On February 22, 2011, the Company was named a defendant in a lawsuit, Bear Creek Technologies, Inc. v. 8x8, Inc. et al., along with 20 other defendants. On August 17, 2011, the Company was dismissed without prejudice from this lawsuit under Rule 21 of the Federal Rules of Civil Procedure. On August 17, 2011, the Company was sued again by Bear Creek Technologies, Inc. in the United States District Court for the District of Delaware. The Company believes it has factual and legal defenses to these claims and is presenting a vigorous defense.  Further, on November 28, 2012, the U.S. Patent & Trademark Office initiated a Reexamination proceeding with a Reexamination Declaration explaining that there is a substantial new question of patentability, based on four separate grounds, affecting each claim of the patent which is the basis for the complaint filed against the Company.  On March 26, 2013, the USPTO issued a first Office Action in the Reexamination, with all claims of the '722 patent being rejected on each of the four separate grounds raised in the Request for Reexamination.  On July 10, 2013, the Company filed an informational pleading in support of (and joining) a pending motion to stay the proceeding in the District Court, which granted the motion on July 17, 2013, based on the possibility that at least one of the USPTO rejections will be upheld and considering the USPTO's conclusion that Bear Creek's patent suffers from a defective claim for priority. The Company cannot estimate potential liability in this case at this early stage of litigation.

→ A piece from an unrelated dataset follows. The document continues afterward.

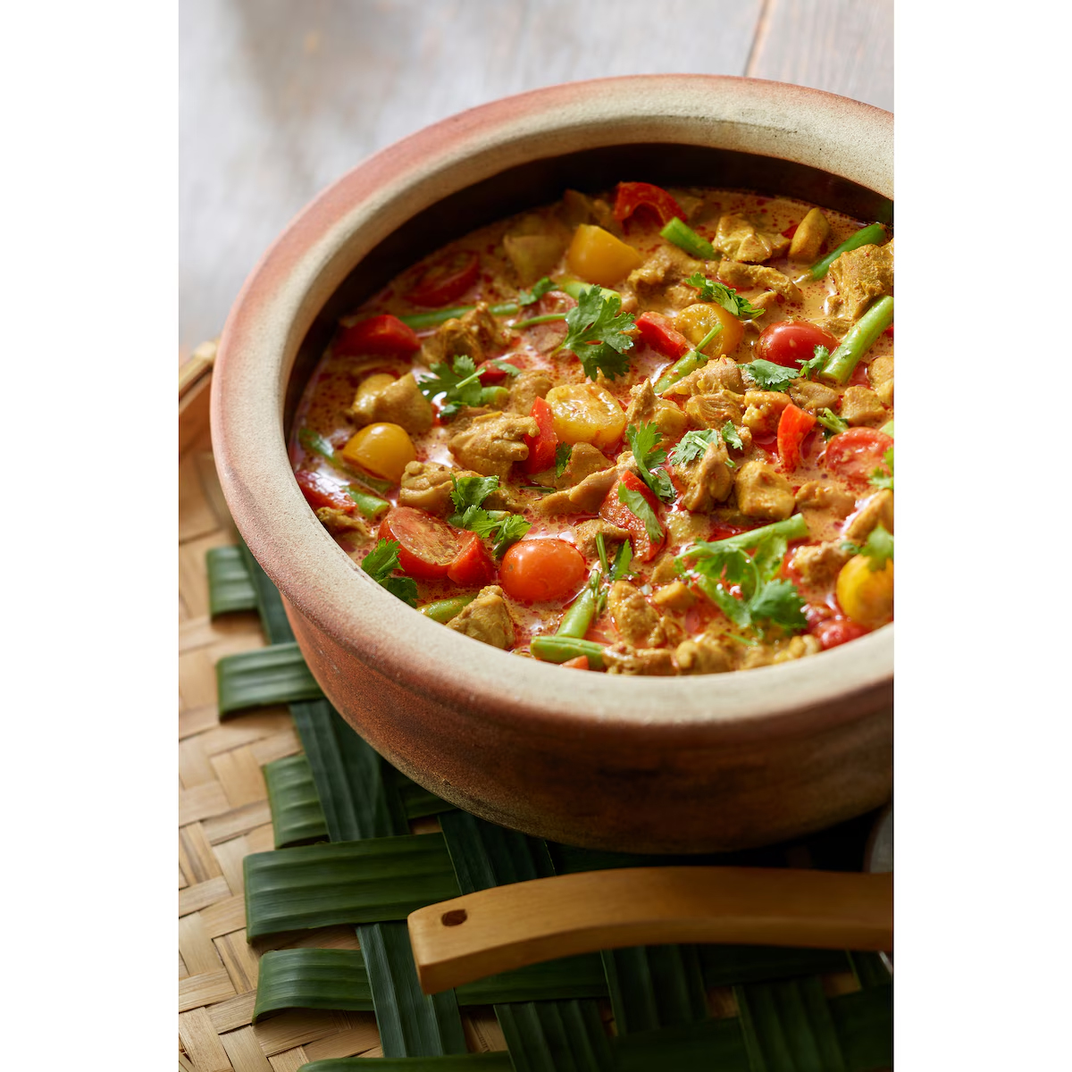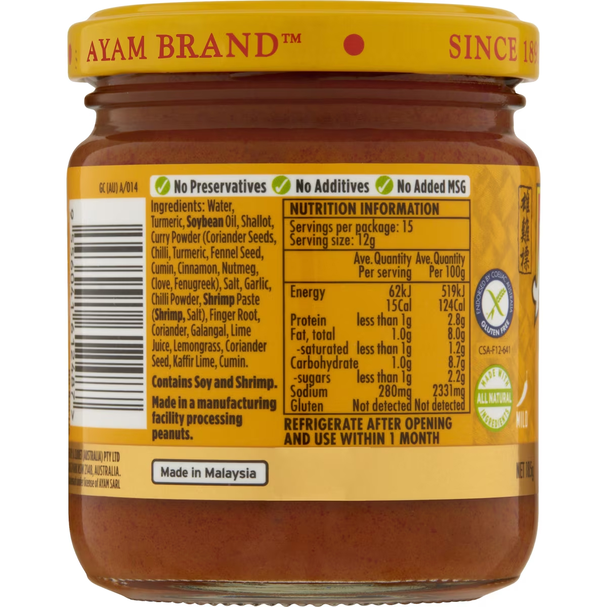 Ingrédients : Eau, curcuma, huile de soja, échalote, poudre de curry (graines de coriandre, piment, curcuma, graines de fenouil,

On October 25, 2011, the Company was named a defendant in a lawsuit, Klausner Technologies, Inc. v. Oracle Corporation et al., along with 30 other defendants. The lawsuit alleges infringement of a patent that is now believed to have expired. On November 1, 2011, Klausner dismissed the Complaint voluntarily and filed new complaints separating the defendants, including a new Complaint against 8x8. The Company believes it has factual and legal defenses to these claims and is presenting a vigorous defense. The Company has filed several motions, including a motion to transfer and a motion to dismiss the complaint on February 23, 2012. On March 21, 2013, the District Court granted 8x8's Motion to Change Venue, and has ordered the transfer of the case to the US District Court for the Northern District of California. The Company has not answered the complaint yet and cannot estimate potential liability in this case at this early stage of the litigation.

State and Municipal Taxes

From time to time, the Company has received inquiries from a number of state and municipal taxing agencies with respect to the remittance of taxes. The Company collects or has accrued for taxes that it believes are required to be remitted. The amounts that have been remitted have historically been within the accruals established by the Company.